Celulite

Celulite bacteriana tem cura: saiba como identificar e tratar a doença

Celulite bacteriana

A celulite bacteriana ou infecciosa é uma doença capaz de provocar complicações sérias, ao contrário da popular celulite ou fibroedema gelóide, que deixa a pele com aspecto ondulado e cheio de depressões.

Muitas vezes, a celulite bacteriana é diagnosticada como erisipela ou fogo de Santo Antônio. E tem uma abordagem totalmente diferente da celulite comum, que é uma queixa essencialmente estética.

Uma das consequências graves da celulite bacteriana é a septicemia, quando o organismo todo fica infectado, podendo levar a pessoa à morte se não houver tratamento adequado.

A celulite infecciosa afeta as camadas mais profundas da pele. Com isso, o local fica muito vermelho, inchado e dolorido. Ela é resultado da entrada de bactérias no corpo, como Streptococcus pyogenes ou Staphylococcus aureus.

Na maior parte das ocorrências, é a bactéria Streptococcus B, hemolítico do grupo A. Raramente, a condição é consequência da atuação de outras bactérias.

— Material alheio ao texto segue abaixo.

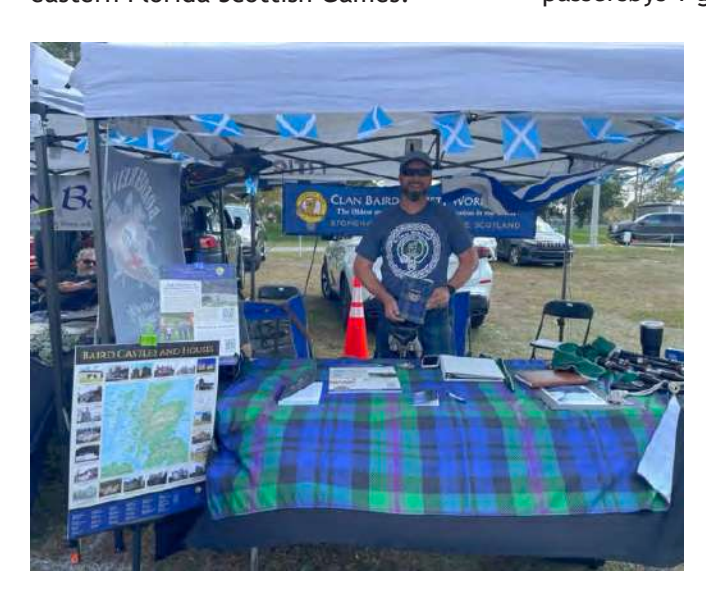
Clan Baird booth at 2023 SouthEast Florida Highland Games, Plantation, Florida

While the rest of the Northern world is deep in the grips of Old Man Winter, those of us who reside in sunny Florida are enjoying beautiful, temperate weather that is perfect for outdoor activities. This was a busy year for the Baird Clan in Florida as it was the first time we were represented at the Central Florida Highland Games on January 14th in the ironically named city of Winter Springs. We then traveled further South to Plantation, Florida on March 4th to take part in the Southeastern Florida Scottish Games.

Os micro-organismos entram por meio de uma ferida. Pode ser um corte, acne, picada de inseto, queimadura, micose etc. Geralmente, a área mais comum de instalação inicial da bactéria é a perna, mas ela também pode se alojar no rosto.

Embora não seja contagiosa, isto é, não seja transmitida de uma pessoa para outra, a bactéria pode penetrar se alguém tiver uma doença de pele como a dermatite, por exemplo.

O tratamento para celulite infecciosa normalmente é feito com antibióticos. A penicilina é o mais utilizado pelos médicos para combater o problema e evitar que a bactéria entre na corrente sanguínea.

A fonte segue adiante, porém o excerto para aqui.